Alors que Zaki attend son procès, son cas a déclenché une vague d’autres plaintes dans une société où, selon les enquêtes des Nations Unies, la plupart des femmes ont subi des appels, des pincements, des tâtonnements ou pire encore.

“Les femmes ont immédiatement sauté sur l’occasion pour se défouler et raconter leurs histoires”, a déclaré à l’AFP l’administrateur de la page Instagram, demandant l’anonymat par crainte de représailles.

“Il est maintenant plus grand qu’Ahmed Bassam Zaki. Nous recevons une douzaine de messages par minute de filles et de femmes racontant des incidents personnels de harcèlement, d’abus et de viol, certains remontant à des années.”

– Blâme de victime –

Après l’arrestation de Zaki, la campagne a balayé d’autres personnalités bien connues.

L’un d’eux est Mohamed Hashem, écrivain et fondateur d’une maison d’édition de renom, qui a été arrêté pour des allégations de harcèlement mais libéré plus tard sous caution.

L’élan actuel s’appuie sur les vagues précédentes de #MeToo en Égypte, la dernière en janvier à la suite d’un assaut collectif contre deux femmes à Mansoura, au nord du Caire, le soir du Nouvel An.

L’affaire Zaki souligne que les agressions sexuelles et le harcèlement – largement perçus comme étant plus répandus parmi les classes les plus pauvres – imprègnent tous les niveaux de la société.

Zaki est un ancien étudiant de la prestigieuse université américaine du Caire. Il a brièvement étudié à Barcelone, mais a été expulsé ce mois-ci après une plainte de harcèlement en ligne par un autre étudiant.

“Nous parlons de la classe A, la crème de la crème de la société qui s’inscrit dans des universités et des écoles pour des dizaines de milliers de livres par an”, a déclaré Fathy Farid d’Aman, une initiative contre la violence sexiste.

Les militants espèrent que l’affaire aidera à changer les attitudes en Égypte, qui n’a criminalisé le harcèlement sexuel qu’en 2014.

En Égypte, les femmes sont souvent réticentes à dénoncer le harcèlement sexuel, craignant la honte du public et étant accusées de porter des vêtements “provocateurs”.

– «Un endroit plus sûr» –

En contraste frappant avec la renaissance de #MeToo, l’Égypte a également vu une campagne en cours ciblant les femmes influenceuses TikTok accusées d ‘”indécence et d’immoralité”.

Parmi les cas récents, il y a celui d’une jeune fille de 17 ans qui a été arrêtée après avoir publié une vidéo TikTok dans laquelle elle a déclaré qu’elle avait été violée par un groupe de jeunes hommes.

Ces filles “souffrent de discrimination et d’intimidation” et leurs arrestations “font partie de la violence contre les femmes parce qu’elles viennent de classes inférieures”, a déclaré l’avocate Intesar al-Saeed.

L’administrateur du groupe Instagram a également signalé “beaucoup de ces messages” attaquant les femmes, mais a ajouté qu ‘”ils ne sont rien par rapport aux messages de soutien”.

Alors que de plus en plus de témoignages en ligne affluent, le Conseil national des femmes a déclaré avoir reçu au moins 400 plaintes et demandes de renseignements sur le harcèlement et les abus sexuels.

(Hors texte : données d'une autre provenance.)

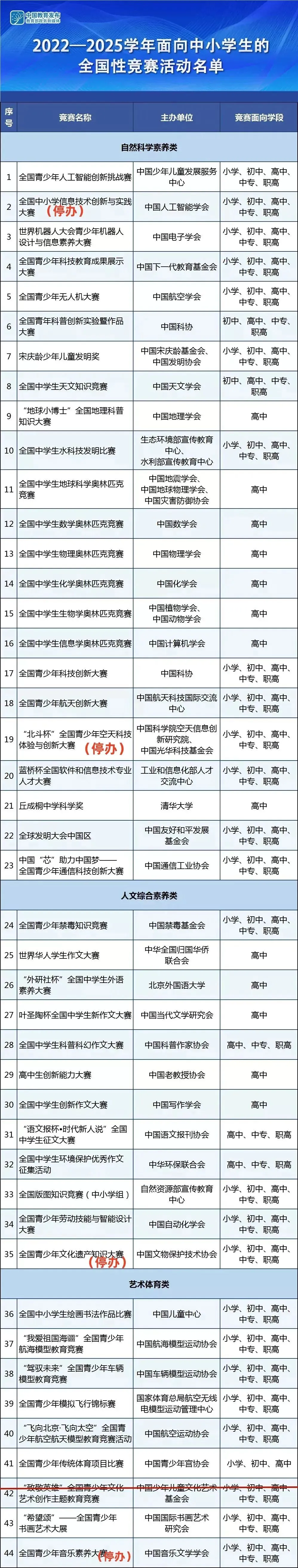 以上仅列举了热门文科赛事名单,以下是教育部公布的2022-2025学年面向中小学生的全国性竞赛活动完整名单。
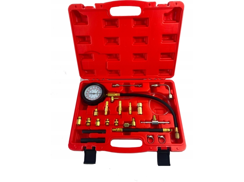 Rockforce Dieselmotor Kompresjonstrykktester Komplett Med Gjengeadaptere 0-70 Bar 19 Stk.

Le gouvernement du président Abdel Fattah al-Sisi a pris des mesures.

Son cabinet a approuvé des amendements, non encore adoptés par le Parlement, au code pénal qui accorderait le droit à l’anonymat aux victimes d’agression sexuelle.

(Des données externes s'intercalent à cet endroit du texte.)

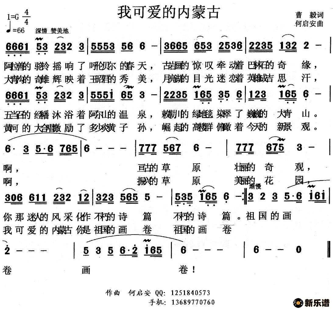 演唱的我可爱的内蒙古歌词,我可爱的内蒙古简谱.
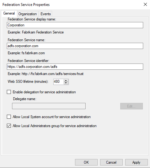 AD FS, in the menu to the left, right-click onAD FSand selectEdit Federation Service Properties... - Make sure the field
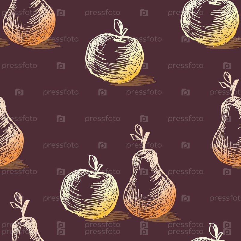 Бесшовный фон эскизов спелых яблок и груш

Et la prestigieuse institution religieuse Al Azhar a publié une déclaration très ferme dénonçant le harcèlement comme “interdit et déviant”.

Le Dar al-Ifta, chargé d’émettre des décrets religieux, a qualifié de “malades” ceux qui accusent les femmes de porter des vêtements provocateurs.

Le militant d’Instagram a déclaré que l’objectif était, “si nous ne sommes pas obligés de fermer le compte pour une raison quelconque, de transformer la police d’assaut en une plateforme permettant aux femmes de partager leurs histoires.

“Nous sommes optimistes quant à faire de ce pays un endroit plus sûr pour les femmes.”